The Asia Pacific region is home to 60% of the global population (4.3 billion people). As the world's most populous and fastest-growing region, it stands at the center of an unprecedented construction boom.
From the megacities of China to the bustling metropolises of India, Indonesia, and beyond, we're witnessing a construction surge that will redefine the face of 21st-century urban landscape planning. This boom brings a monumental challenge. How can we meet construction demand sustainably, and crucially, how can we significantly reduce embodied carbon in the most widely used construction material worldwide: concrete?
Concrete Demand in Asia
By 2050, it's projected that 70% of the world's population will live in urban areas, with a significant proportion in Asia. This translates to an unrelenting demand for buildings and infrastructure and, by extension, for concrete — a material already consumed at an astounding rate of over 30 billion tons per year worldwide.
To meet that demand, over the next four decades, the world is projected to construct 230 billion square meters (2.5 trillion square feet) of buildings, effectively doubling the current worldwide building stock. In effect, the world will add a building footprint equivalent to New York City to the planet every 34 days between now and 2060.
Asia, with its dynamic growth and development, is expected to account for over half of the global construction market by 2030. However, without significant policy changes in the way concrete is produced, this construction boom will exacerbate our environmental challenges.
The Embodied Carbon Challenge
It's crucial to understand that while concrete forms the backbone of modern construction, its production contributes to around 8% of global CO2 emissions.
Globally, embodied carbon is responsible for 11% of annual greenhouse gas emissions and 28% of all emissions from the building sector, and, by 2050, embodied carbon in all new buildings and urban infrastructure would consume up to 60% of the world’s 2°C carbon budget.
To confront this challenge, we need to drive significant policy changes and promote green technologies across Asia.
1. Policy Shifts
While green technology offers the tools to reduce concrete's carbon footprint, policy and building code changes provide the framework and incentives to encourage their widespread adoption.
International examples include the Government of Canada which has committed to a target CO2 reduction of 30% for structural materials by 2025 and Buy Clean in the US. Buy Clean requires any federally-funded construction project to obtain Environmental Product Declarations. This means the carbon footprint of concrete will be normalized as another bid selection criterion for federal projects.
Closer to home, there are many examples of governments and green building organizations working toward policy change. Some examples include:
- In Vietnam, GREENVIET is focused on sustainable construction and green building.
- The Korean Green Building Council is a key advocate for green building design, practices, and technologies and collaborates with industry professionals, academia, government entities, and other stakeholders.
- In Singapore, BuildSG and the Singapore Green Building Council are advancing building and construction industries toward sustainable practices.
- In India, the government provides several incentives to encourage green building and LEED certifications including tax benefits, loans, and fast-track approvals.
- The Malaysia Green Building Council is supported by the professional, industrial, and government sectors to lead the building industry in embracing responsible measures in construction.
- In Japan, the government is investing in a "MOONSHOT program to actively develop and promote Direct Air Capture (DAC) technology that can recover CO₂ directly from the atmosphere beyond the emissions generated by industrial activities. It is also a supporter of other Carbon Capture, Usage, and Storage (CCUS) technologies, like CarbonCure.
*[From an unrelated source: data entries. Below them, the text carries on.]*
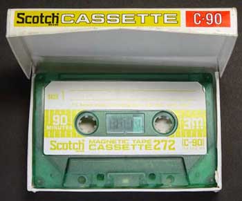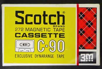 長辺の一辺がヒンジになっており、正面というか上面の大きなフタが片開きでガバッと開く。 これぞ紙箱!という感じで、出し入れは大変容易である。 箱自体は厚手のボール紙でつくられており、頑丈である。 ただ、フタの部分に留めがなく、フタと箱との摩擦によって閉じた状態をキープしているだけなので、うっかり逆さにしたりすると中身が飛び出してしまう可能性がある。 実はこの形式は、カセット以前のオープンリールテープの紙箱と同じで、オープンリールテープを手がけてきた3Mとしては、ごく自然な発想の紙箱だったのだろう。 そしてその後、Scotchは1977年に、何とプロ用に使われる10号オープンリールテープの紙箱と同じ大きさ・形のケースでカセットを販売している。 それがこれ(↓)。名付けて「PRO-PACK(プロパック)」 |
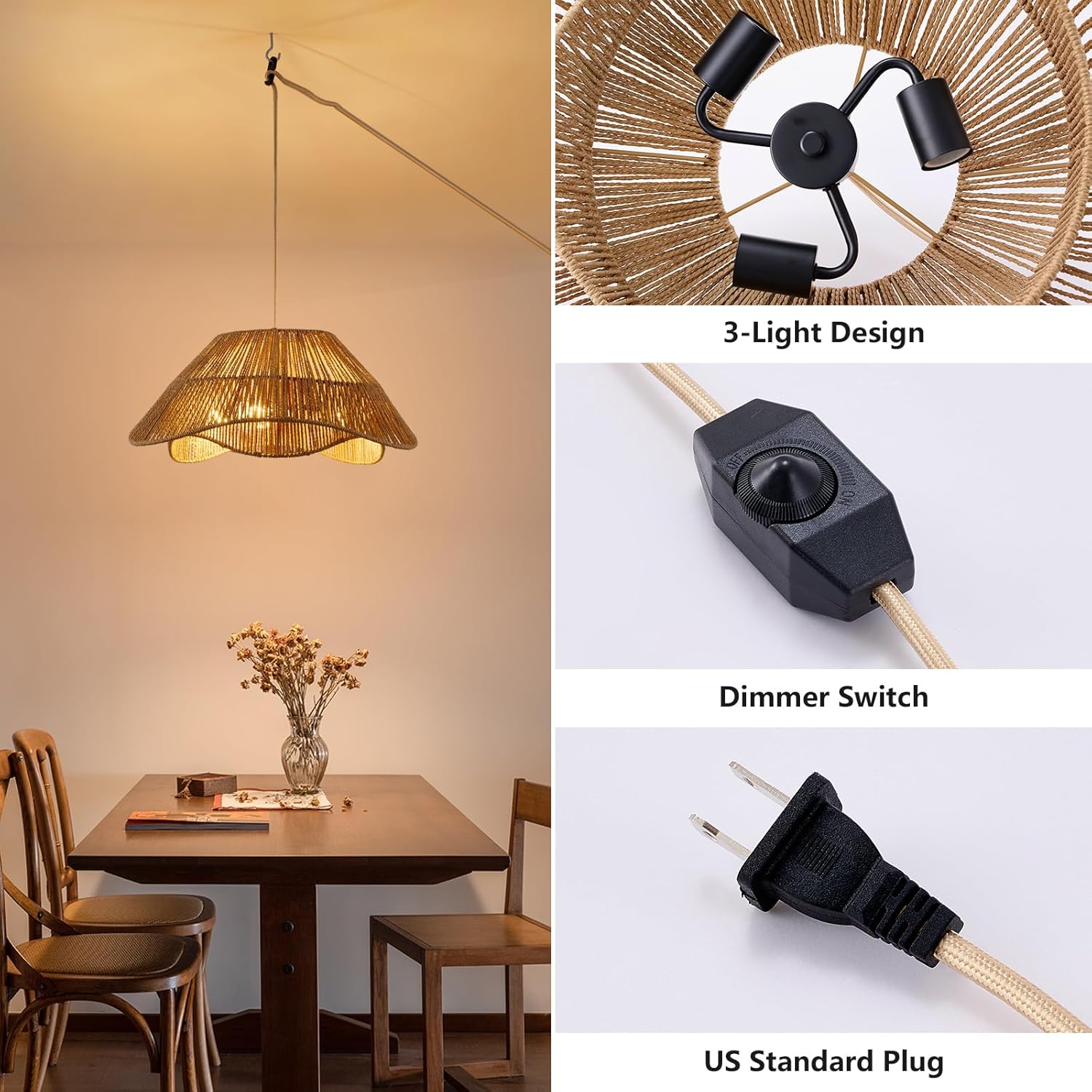 - 【Easy to Install】This plug in rattan hanging light dimmable includes all accessories and instructions for easy installation. No hard wiring is required, just hang the rattan plug in pendant light at the right height, plug it into a wall outlet and turn dimmer button.
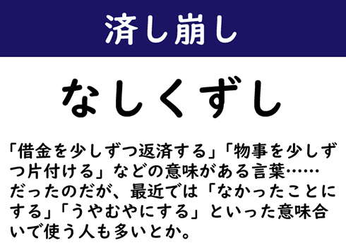 「借金を少しずつ返済する」「物事を少しずつ片付ける」などの意味がある言葉……だったのだが、最近では「なかったことにする」「うやむやにする」といった意味合いで使う人も多いとか。
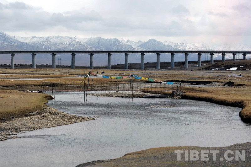 乘坐“天路”列車,通過藏北高原時,我喜歡從車窗遠望。因為這片鐵路依傍著青藏公路的廣袤高原草甸地區(qū),不僅能看見藏羚羊、藏原羚、藏野驢等野生動物;還能看到清水河、楚瑪爾河、秀水河、長江源等江河上的特大橋。這些蜿蜒而上的特大橋以橋代路,在很好地保護凍土和草原綠地的同時,也為藏羚羊等野生動物在這一帶棲息和遷徙提供了保障通道。
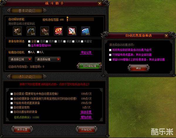 游戏内置的战斗助手,可以实现自动打怪,自动释放技能,自动拾取等功能。
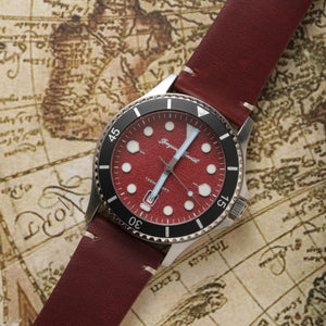 This robust diver is dipped in the colours of a neo-vintage Gallic holiday. Built with intent and dedication, this is a watch with subtle echoes of colour, charm and character throughout the timepiece.

Asian countries can look to their regional and international counterparts for inspiration for government policy shifts that will open up opportunities to encourage cleaner construction and lead by example with public infrastructure spending.
2. Sustainable Concrete Tech
There is no silver bullet for the production of low carbon concrete. Since concrete is made up of so many ingredients, there are lots of ways to reduce the carbon impact of each individual component and manufacturing process.
One innovation is CarbonCure, which beneficially repurposes waste carbon dioxide (CO2) by injecting it into concrete during mixing. Once injected, the CO2 chemically converts into a mineral and becomes permanently sequestered. The mineralized CO2 increases the concrete’s strength, which then enables producers to reduce the amount of cement content in their mixes while still maintaining concrete strength and performance. On average, this carbon utilization method reduces the carbon footprint of concrete by 15 kilograms per cubic meter; meaning a typical commercial high-rise building made with CarbonCure concrete will have an embodied carbon reduction of 680 metric tonnes.
This technology, however, should not be seen as a standalone solution. It is one part of a larger suite of stackable solutions that, when used in conjunction, can help drive down the carbon footprint of concrete. These may include the use of supplementary cementitious materials (SCMs), energy-efficient manufacturing processes, and low carbon blended cement types.
The Way Forward
The path to carbon-neutral concrete in Asia is a necessary journey. Given Asia's rapid urbanization and the environmental impact of conventional concrete production, embracing sustainable practices is an urgent need.
With the right policy changes, international cooperation, and the adoption of clean technologies like CarbonCure, Asia can lead the shift towards carbon-neutral concrete, fostering a sustainable urban future.